But Arak Miller was an ordered man. Even now, in the face of resurging visions of his wife, and his sons, and his work, and the mighty civilization from which he had been cut adrift, his thoughts were ordered: probably the ship had arrived from Earth to resurvey one of the Class II uninhabitable planets of the Alpha Centaurus System. Tomorrow its scout ships would whip along the day sides at five thousand feet. Tomorrow atop the mesa he must light his pyres, some hundred-odd gigantic piles of pine trees and brush that would burn with billowing smoke. He must signal the presence of a lone Earthman.
With a hypnotic intensity he stood watching the ship until, toward evening, it merged into the gray sky over the horizon. Then he ran across the clearing and down to his house by the river that wound through the valley a thousand feet below. "Come on, you fool!" he shouted to Marbach, sitting beneath a tree. Arak Miller threw the figure over his shoulder and carried him to the house. He sat Marbach on a chair and went into the kitchen to eat.
Arak Miller had been nomadic the first few years after he crashed and had been abandoned for dead, until he found in the planet's narrow temperate zone one of the few arable regions capable of sustaining him. There was sufficient small game, the river was cool, and because the rain fell mainly in the valley, his pyres were safe.
In recent years he was always building. He had added a front porch to the cabin he had started with, then more rooms which he had never used, then an attic into which he never went. Now it was a house. It had chairs and tables, a bed, a rug of vines, a garden for vegetables and tobacco, and a garden for flowers.
He ate a leisurely meal of potatoes and corn and meat of the rabbit-like creatures which he trapped. Miss Gormeley was sitting on the porch as he went out. "A ship's come," he shouted. "I may be saved, you understand?"
He recalled he had intended to do something about Miss Gormeley's nostril. With one of his knives he scraped a little against the wall of her left nostril. Then he stood back, satisfied. "Now you look better," he said. With a wry grin he added, "You can smell better, too."
For a long time he could not sleep, remembering that he had been cut off in the prime of his life. He had been the Senior Astrophysicist in the Systems War Office on Earth, working on the Second Einstein Modifications that promised travel to the more distant galactic Systems. He had completed six months of comparison spectography in the barren Centaurus System and had been about to take the year's return journey to Earth, looking forward to a vacation trip with his family to Venus City. He had been in the forefront of the free world's pushing back of the last frontiers of man.
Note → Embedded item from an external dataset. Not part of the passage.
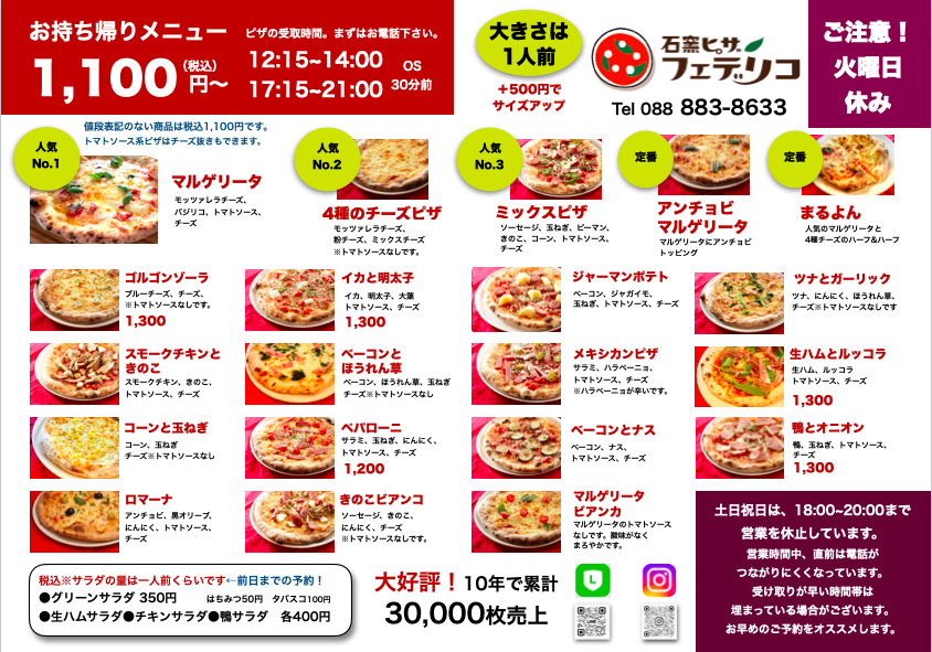 土日祝日の18:00〜20:15頃まで、テイクアウトピザは休止しています。

He twisted on his bed in a wild agony of hope and yearning. "Someday soon," he shouted to the walls, "I'll ride the monorail across the Western plains." He had discovered that it helped, to talk aloud, though none of his devices could make him forget he was a prisoner. To feel the Centaurus skies closing down on him and the alien mountains crushing him, so far from his work and those he loved, was to feel a terrible suffocation from which there was no release.
But then he would go doggedly to work, or else carve the life-size figures to keep him silent company, and try to forget.